There is so much more. But the more important context for the current shifting reception of Foucault (he has recently been accused of pedophilia, among other things) is the way he has been recruited, absurdly, as an avatar for “identity” or “lifestyle” politics, in the general effort to marginalize and diminish the writers and thinkers influenced by his work. This is happening exactly as the broad left faces an uncertain future of crisis and opportunity, as the neoliberal center appears to be collapsing and the far right is rising across the globe. The left needs to think about the scale of our organizing, the institutions and practices we deploy, the populations we speak to, in new ways. The “older” formations and languages still resonate, we can not understand the world we face without recourse to Marx and Marxism, to class and labor unionism, to the dynamics of empire and militarism rooted in devastating history of capitalism. But we need other resources as well, drawn from other geographies, populations, genealogies and practices. I am influenced by Fanon and Said, by Angela Davis and Robin Kelley, by Cedric Robinson and Glen Coulthard, by Emma Goldman and David Harvey, by the Combahee River Collective and Black Lives Matter, by Occupy and NoDAPL, by many overlapping threads of left thinking and organizing—in the interest of trying to find a way forward. Yes, that makes me an apostate to the comrades who feel a strong allegiance to a particular collection of genealogies. I am still getting pushed out of the contemporary versions of MARHO, all the time. But this feels like a big mistake to me; I keep trying to get back in the door. I belong to DSA, though my politics are somewhat to the left of most other members—which has a queer caucus! I go to socialist conferences and Queers and Against Israeli Apartheid meetings, I listen to anarchist radio, I read communist magazines. I keep trying to step out of the queer ghetto. The arguments in Dean and Zamora’s book, their flattening and diminishing versions of the left politics of others, keep pushing me back down and away. In a book otherwise so insightful about the political context surrounding Foucault’s work, this is dispiriting.

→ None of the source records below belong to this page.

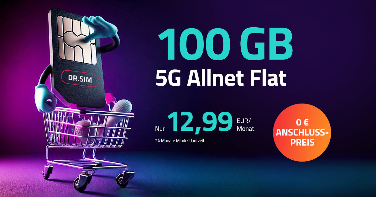 Allnet Flat 100 GB 5G | Flat Anrufe & SMS, 100 Gigabyte Datenvolumen | 0 Euro | 12,99 Euro | mindestens 24 Monate |
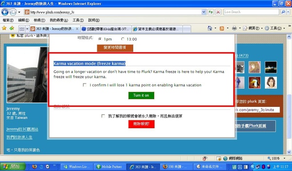 至於要如何操作?這也相當簡單,到河道右上角的「我的帳戶」內,最左邊的「帳戶」最底下,有Karma vacation mode (目前尚未翻譯成中文),只要勾選「I confirm I will lose 1 karma point on enabling karma vacation 」,然後按下「Turn it on」即可。我自己精算過,這個模式對於擁有高Karma值的噗浪客來說,其實並不太划算。因為超過90以上,Karma每次更新只會增加0.01,每天最多增加0.04,扣掉1也就是要花一個多月才補的回來;但對於Karma值相對沒那麼高的朋友來說,這也不失為選擇之一。(真的,Karma沒那麼重要啦)
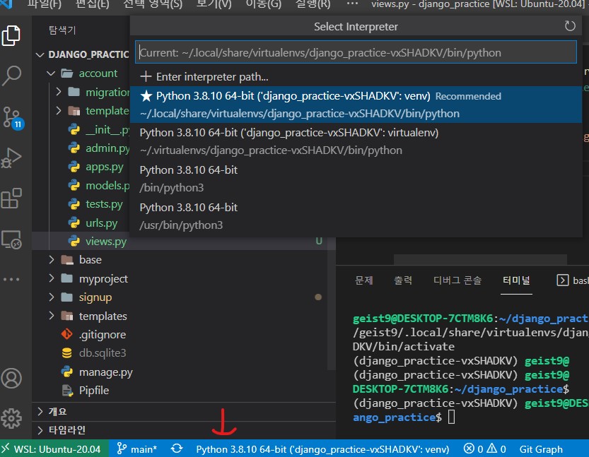 파이썬으로 작업시 pipenv 같은 가상환경을 사용하는 경우, 가상환경 위치 지정이 가능하다
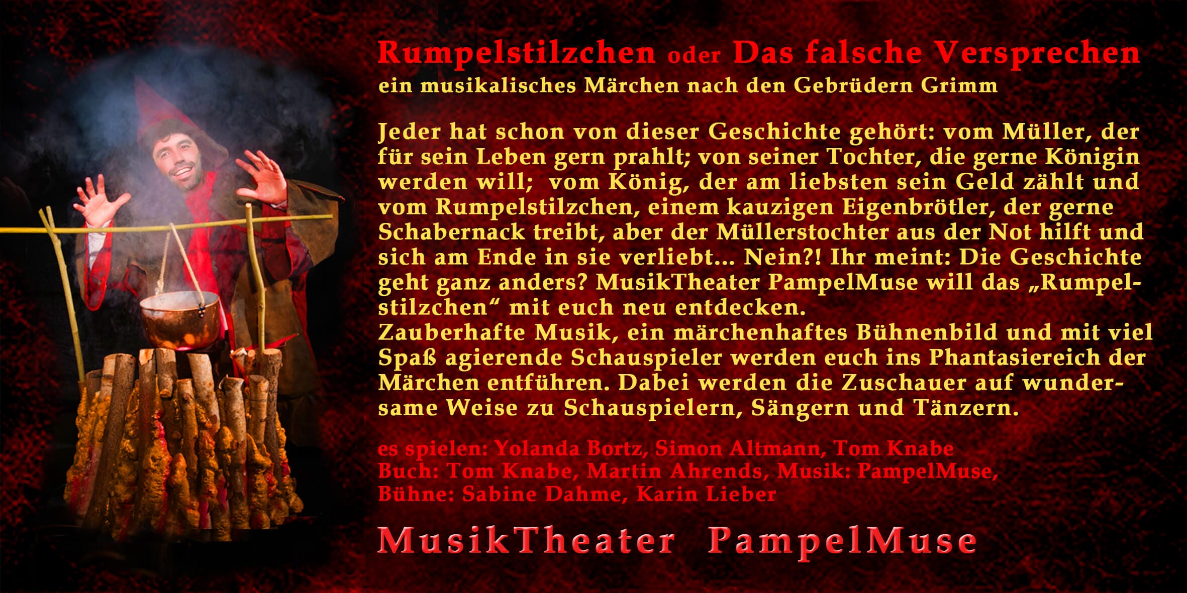 Ach wie gut, dass jeder weiß: Am 10. Dezember kommt das Kindertheater Pamplemuse in den ONC und zeigt: “Rumpelstilzchen oder Das falsche Versprechen”. Diese Truppe ist Kult, Spaß, Entertainment, Schauspielkunst, Musik! Wir laden euch herzlich ein dabei zu sein. Und das kann durchaus wörtlich genommen werden, denn die Zuschauer haben ein gutes Wörtchen mitzusingen und zu tanzen bei diesem Stück! Für die zwei Vorstellungen können sich Kita- oder Schulgruppen/Klassen anmelden. Der Eintritt kostet 5 Euro, bitte vorher anmelden bis 6.12, am besten unter 0331-870719. Pro Vorstellung haben wir 80 Plätze zu vergeben.
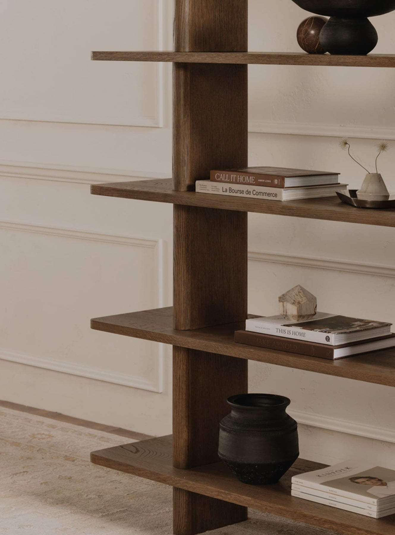 Les détails arrondis apportent une dimension chaleureuse et organique, adoucissant l’aspect graphique de la structure et rendant l’ensemble accueillant et raffiné. Chaque bibliothèque est unique, puisque les veines et les nœuds du bois révèlent des variations naturelles qui témoignent du caractère authentique de la matière. Ces singularités transforment chaque pièce en un objet à la fois utile et chargé de personnalité.
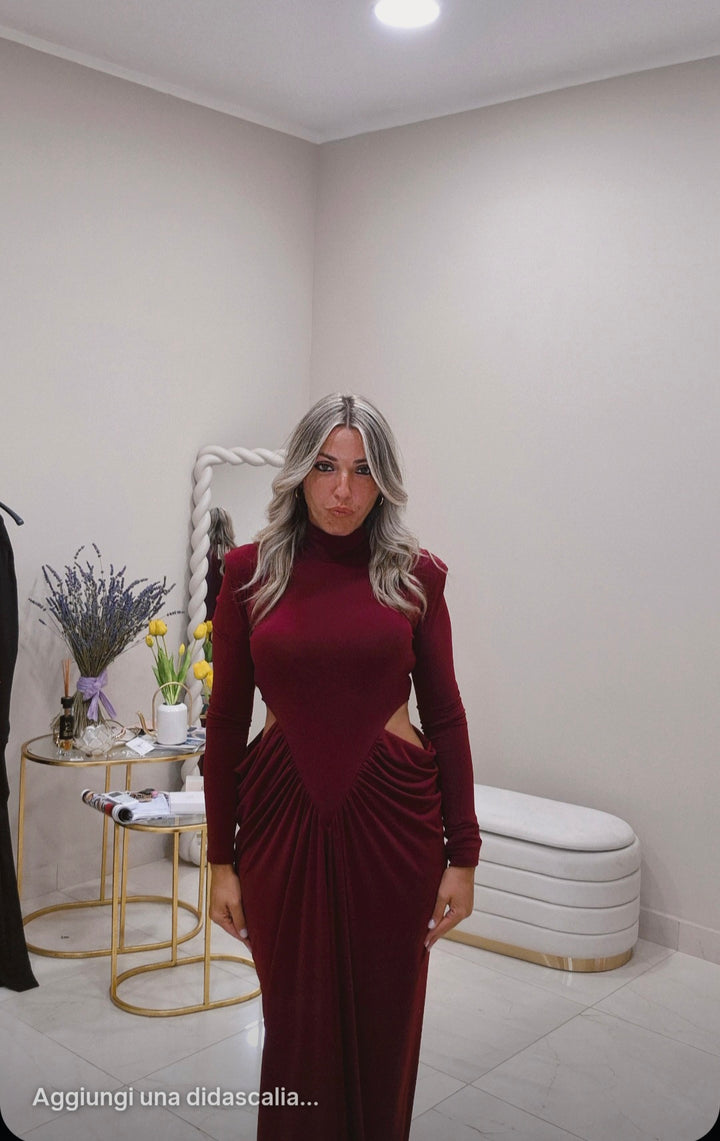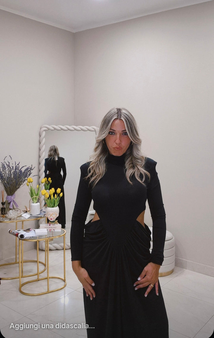 L’abito Jessica valorizza la silhouette con un design unico che mette in risalto i fianchi scoperti, accentuati da un elegante grappeggio. Le maniche lunghe e le spalline impreziosiscono la linea, garantendo un equilibrio perfetto tra audacia e raffinatezza. Un capo che assicura una presenza impeccabile in ogni occasione, catturando gli sguardi con stile e personalità.
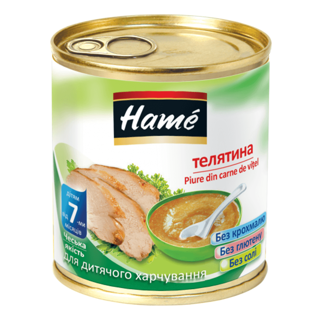 Пюре "Телятина" - консерва на мясной основе для детского питания. Гомогенизированный, стерилизованный, готовый к употреблению продукт, предназначенный в качестве прикорма младенцам в возрасте от 7 месяцев. Не содержит глютена, сахара, консервантов, красителей, ароматизаторов, соли. Без ГМО. Состав: мясо телячье (33,6%), вода питьевая, мука рисовая, масло растительное подсолнечное рафинированное.
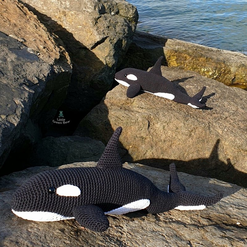 Olwyn the little orca spends her days cruising round with her large pod, saving her energy for hunting time. She’s always hungry and keeping an eye out for a tasty squid. She is 16 inches long (when made with the recommended materials).
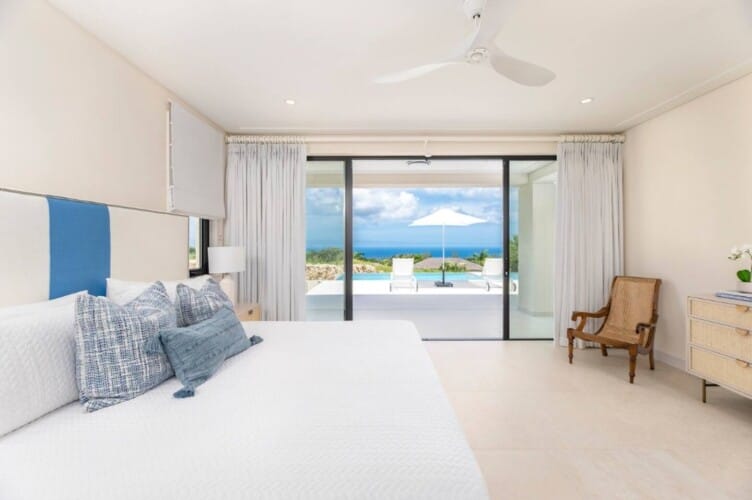 Sprawling over 4,000 square feet, this modern residence is thoughtfully designed to provide both elegance and comfort. Two bedrooms grace the ground floor, while the upper level houses an additional two bedrooms, including the master suite. Opening onto a west-facing terrace, the master suite creates an idyllic setting for indulging in morning serenity with a cup of coffee or savoring sunset cocktails amidst panoramic vistas. Each bedroom is accompanied by its own en-suite bathroom, ensuring privacy and convenience for every guest.
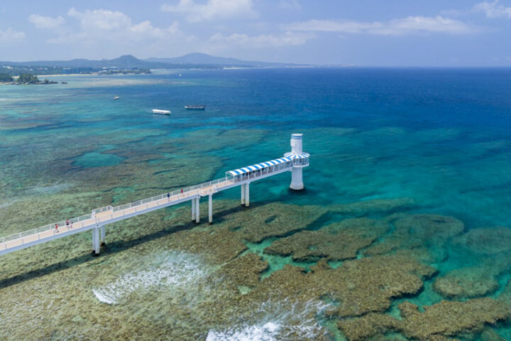 沖縄本島と古宇利島を結ぶ2005年に開通した古宇利大橋は全長なんと1,960メートル!真っすぐに伸びる橋とその両側に広がる美しい海の組み合わせは、まさに沖縄屈指の絶景スポット!
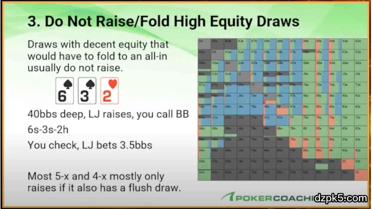 高权益的听牌(当前手牌有较高概率在后续公共牌发出后形成强牌)不适合加注,最好的策略是跟注,以尝试实现你的权益。
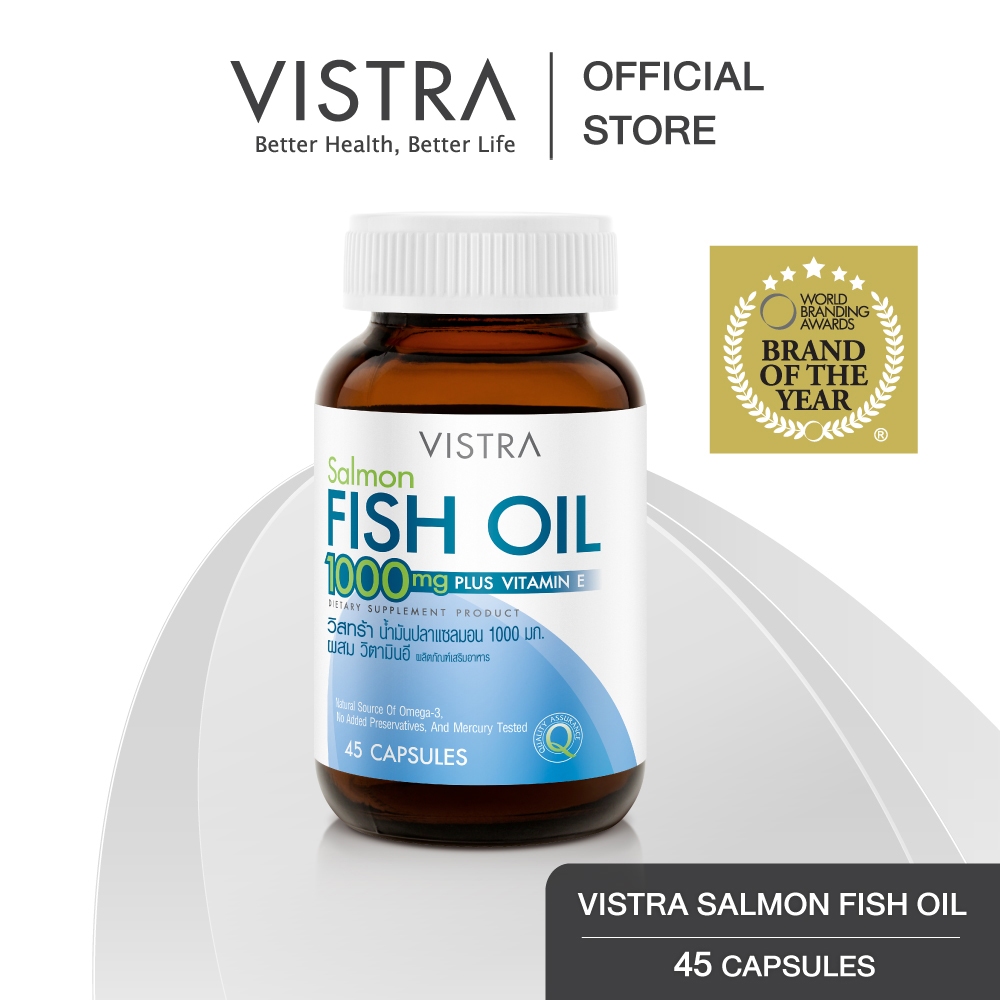 VISTRA Salmon Fish Oil 1000 mg Plus Vitamin E วิสทร้า น้ำมันปลาแซลมอน 1000 มก. ผสม วิตามินอี (ผลิตภัณฑ์เสริมอาหาร) ส่วนประกอบ ส่วนประกอบที่สำคัญใน 1 เม็ด ประกอบด้วย – น้ำมันปลาแซลมอน 1000 มก. ให้กรดไขมันกลุ่มโอเมก้า-3 350 มก. – กรดไอโคซาเพนตาอิโนอิก Eicosapentaenoic Acid (EPA) 180 มก.
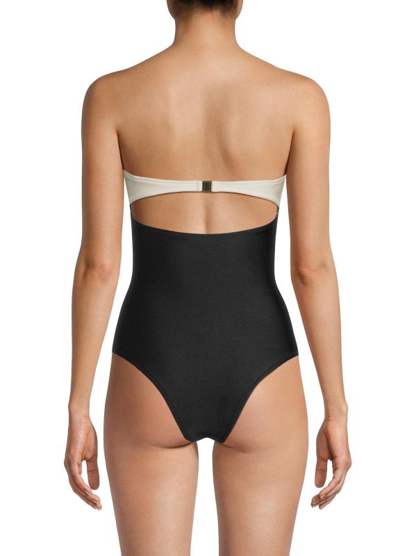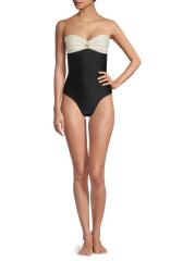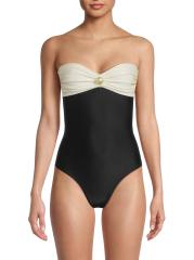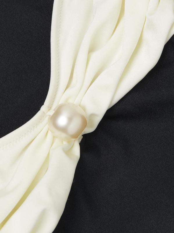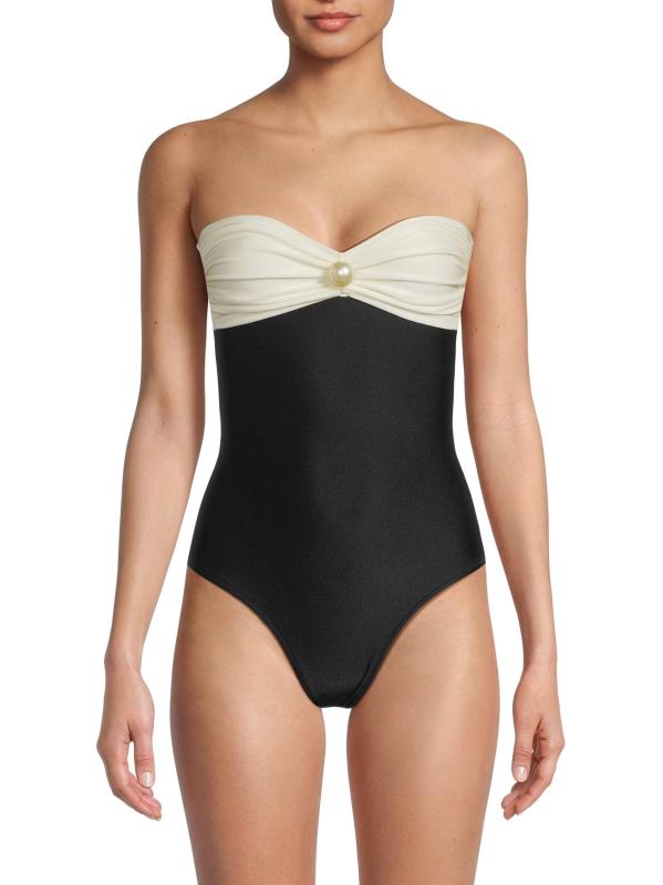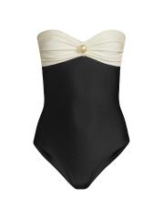 بدلة السباحة Nastya المكونة من قطعة واحدة من Shani Shani Shemer مصنوعة من قماش قابل للتمدد ومصممة برقبة على شكل قلب وصدر مكشكش بدون حمالات مع لؤلؤة صناعية في المنتصف وفتحة ظهر مرحة.

Note: I use these substack posts as a place to think out loud, to develop ideas and vent feelings that might gel into something more substantial later. These thoughts constitute a rough draft. I welcome comments sent to me at lisaduggan@aol.com. Meanwhile, I have a few recommendations for those unfamiliar with queer inclusive left thinking who might want to give it a shot:
Rod Ferguson, Aberrations in Black (introduction); Sophie Lewis, Full Surrogacy Now; Veronica Gago, Feminist International. Enjoy!